Transthoracic Echo (TTE) for Aortic Dissection
Population / Technique | Sensitivity | Specificity |
---|---|---|
Any dissection (mixed Stanford A + B) | ≈ 62 % | ≈ 88 % |
Ascending (Stanford A) | ≈ 85 % | ≈ 85 % |
Descending (Stanford B) | ≈ 46 % | ≈ 87 % |
Contrast-enhanced TTE (proximal) | up to 93 % | up to 97 % |
Practical take-away: TTE is specific but not fully sensitive. A clear intimal flap is confirmatory; a negative TTE—especially for type B—must be followed with gated CT or TEE if suspicion remains high.
TTE for Detecting Vegetations (Infective Endocarditis)

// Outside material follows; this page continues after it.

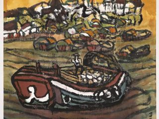Bathed in the warm hues of twilight, Lim Tze Peng’s masterpiece features the iconic Victoria Memorial Hall in the background. A bumboat, filled with treasures, glides silently on the river, embodying the essence of a bygone era. The heritage buildings surrounding it whisper stories of Singapore’s rich history. With vibrant colors and bold strokes, this serene scene invites viewers to reflect on the journey of a nation intimately connected to its waterways.

Valve / Setting | Sensitivity | Specificity |
---|---|---|
Native valves | ≈ 60–70 % | ≈ 90–95 % |
Prosthetic valves | ≈ 30–55 % | ≈ 85–90 % |
Key points:
- TTE reliably rules-in IE when a mobile mass is seen, but a negative scan—especially with prosthetic valves—does not exclude the disease.
- Vegetation size and image quality dominate performance; consider harmonic imaging or early TEE when clinical suspicion is high.
TTE Sensitivity / Specificity for Intracardiac Thrombus
Chamber | Sensitivity | Specificity | Notes |
---|---|---|---|
Left Ventricle (LV) | ≈ 55–60 % | ≈ 95–99 % | Contrast boosts sensitivity to ~64 % |
Left Atrium / LAA | ≈ 40–60 % | ≈ 90–94 % | Poor appendage visualisation; use TEE |
Right Atrium (RA) | ≈ 30 % | ≈ 100 % | Few false-positives but many misses |
Right Ventricle (RV) | ≈ 40–50 % | > 90 % | Non-standard views improve yield |
Clinical pearls: LV thrombus is the most detectable on TTE; atrial and right-sided clots are frequently missed. A positive TTE finding across chambers is highly specific and should trigger therapy or confirmatory imaging; a negative study rarely rules out LA/LAA or right-heart thrombus when management decisions hinge on exclusion.